BEGIN Dataset records

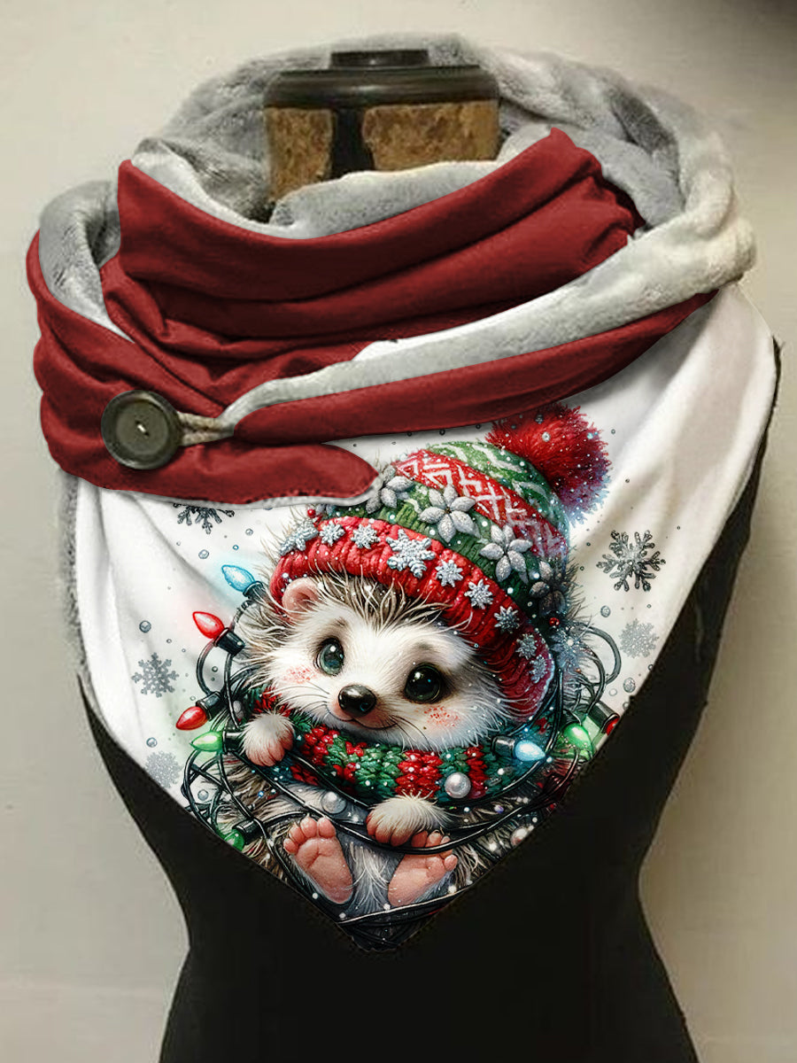 Christmas Hedgehog Animal Print Scarf And Shawl
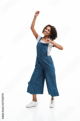 Image of joyful african american woman dressed in denim overalls smiling and dancing
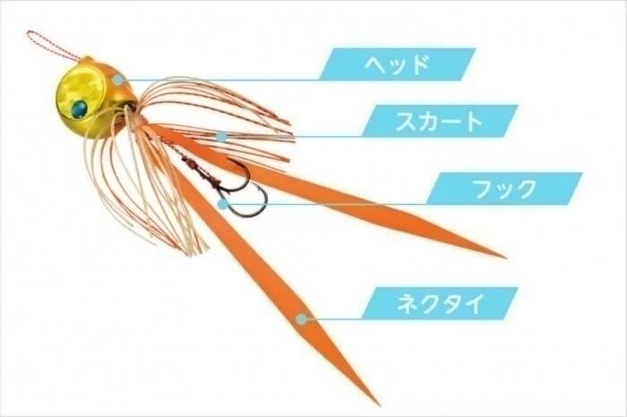 鯛ラバの仕掛けはシンプルです。「ヘッド」と呼ばれるタングステンなどの金属製のおもりの下に「フック」(針のこと)、そして「ネクタイ」と呼ばれるラバー製の飾りをセットします。
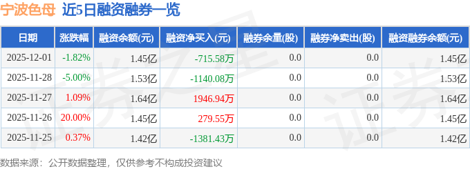 宁波色母融资融券信息显示,融资方面,当日融资买入2150.55万元,融资偿还2866.12万元,融资净偿还715.58万元。融券方面,融券卖出0.0股,融券偿还0.0股,融券余量0.0股,融券余额0.0万元。融资融券余额1.45亿元。
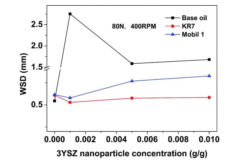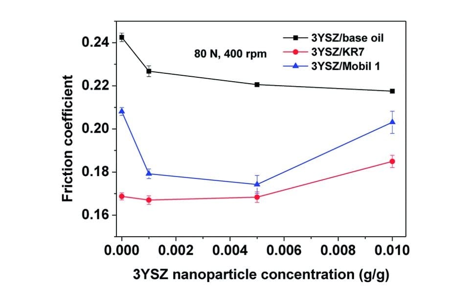The Y2O3-stabilized ZrO2 nanoparticles were synthesized using surfactants to control their quality and size. The nanoparticles were effective in reducing the friction coefficients (Figure 2) and improved the anti-wear properties (Figure 3) of the commercial oils. Based on the tribological properties of the resulting lubricants, the optimal nanoparticle concentration was found to be 0.1-0.5 wt%.
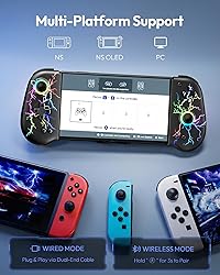 Ergonomic Grip for Handheld Play: Designed for comfort, this Switch controller features an ergonomic grip that fits naturally in your hands, reducing fatigue during long gaming sessions at home or on the go Precision Control with Hall Joystick: Hall Effect joystick ensures smooth, accurate movement with no drift or dead zone; Combined with responsive digital triggers, this Wireless Switch Controller delivers reliable control in every game genre Easy Connection & Stable Performance: Quick Bluetooth pairing—hold HOME for 3 seconds to connect; One-key wake-up lets the Switch remote instantly reconnect for smooth, stable, and lag-free gaming Custom Gaming with Turbo & Macro: Enjoy manual/auto Turbo at 3 speeds plus advanced macro programming via the M button; This joypad/gamepad helps execute combos easily and improves efficiency in fast-paced games RGB Effects & Perfect Gifts: Eye-catching RGB joystick lights with multiple modes, foldable kickstand, and game card storage make this Switch controller both fun and practical—great gifts for Switch fans, families, and friends
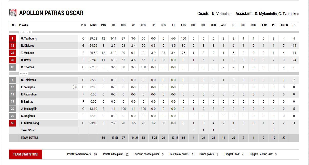 ΑΠΟΛΛΩΝ ΠΑΤΡΑΣ (Βετούλας): Τσαλμπούρης 12, Δίπλαρος 8, ΜακΛιν 12, Ντέιβις 11, Τόμας 6, Τσιακμάς, ΜακΛάφλιν 2, Μήτρου- Λονγκ 5
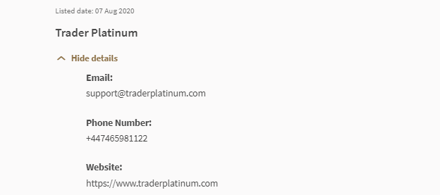 “投资者警示名单 投资者警示名单提供了一份名单,根据 MAS 可获得的信息,这些人员:i) 可能或可能被错误地认为是获得许可或以任何其他方式由 Mas 授权或监管的;ii) 已经做出商业信托或集体投资计划中的单位要约可能被或可能被错误地认为是经 MAS 授权、认可或注册的;iii) 已做出可能或可能被错误地认为是的投资要约在向 mas 提交或注册的文件中制作或附有该文件。此清单并非详尽无遗,而是基于 mas 在发布时所知的内容。上市日期:2020-08-07 Trader Platinum隐藏详细信息 电子邮件:support@traderplatinum.com 电话号码:+447465981122 网站:https://www.traderplatinum.com

END Dataset records

### [Task to carry out]
Both ends included, copy word for word the lines from the top of the entries above through the line with "The Y2O3-stabilized ZrO2". No pictures.

### [Response to this exercise]
 Christmas Hedgehog Animal Print Scarf And Shawl
 Image of joyful african american woman dressed in denim overalls smiling and dancing
 鯛ラバの仕掛けはシンプルです。「ヘッド」と呼ばれるタングステンなどの金属製のおもりの下に「フック」(針のこと)、そして「ネクタイ」と呼ばれるラバー製の飾りをセットします。
 宁波色母融资融券信息显示,融资方面,当日融资买入2150.55万元,融资偿还2866.12万元,融资净偿还715.58万元。融券方面,融券卖出0.0股,融券偿还0.0股,融券余量0.0股,融券余额0.0万元。融资融券余额1.45亿元。
The Y2O3-stabilized ZrO2 nanoparticles were synthesized using surfactants to control their quality and size. The nanoparticles were effective in reducing the friction coefficients (Figure 2) and improved the anti-wear properties (Figure 3) of the commercial oils. Based on the tribological properties of the resulting lubricants, the optimal nanoparticle concentration was found to be 0.1-0.5 wt%.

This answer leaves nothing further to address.